AI and our working hours
AI helps data centers cool and communicate
Autor and Thompson concluded by highlighting two of the most effective AI use cases they’ve seen.
- AI voice call is in progress Used by Chinese courier services Helping hearing-impaired drivers better engage with customers. This reduced customer complaints and increased driver productivity and wages.
- Google uses deep learning to automate data center cooling, which accounts for a significant portion of a center’s power budget.
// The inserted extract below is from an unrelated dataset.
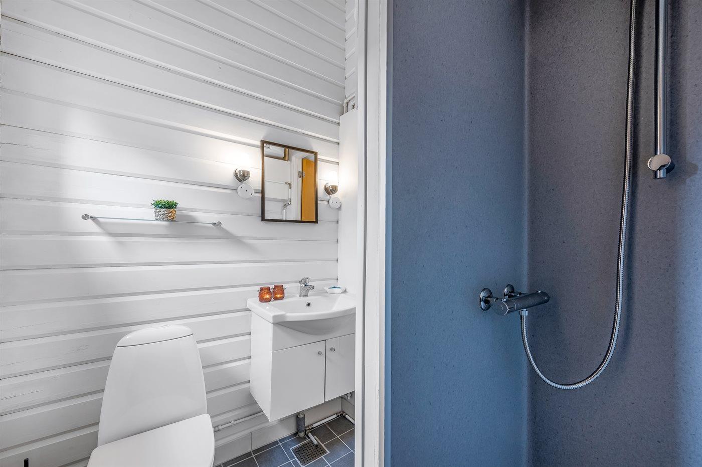 Es gibt 1 Badezimmer mit Duschnische und 2 Toiletten, davon 1 Gästetoilette.

AI systems can learn various factors, such as wind flow, to reduce the amount of power needed to cool equipment.
neil thompson I am the chief researcher of MIT Computer Science and Artificial Intelligence Laboratory and MIT Initiative on the Digital Economydirector of MIT Future Tech Laboratory researching technological innovation and corporate strategy.
david orter He is a professor of economics at MIT. MIT Stone Center on Inequality and Shaping the Future of Work. His research examines the impact of technological change on labor markets.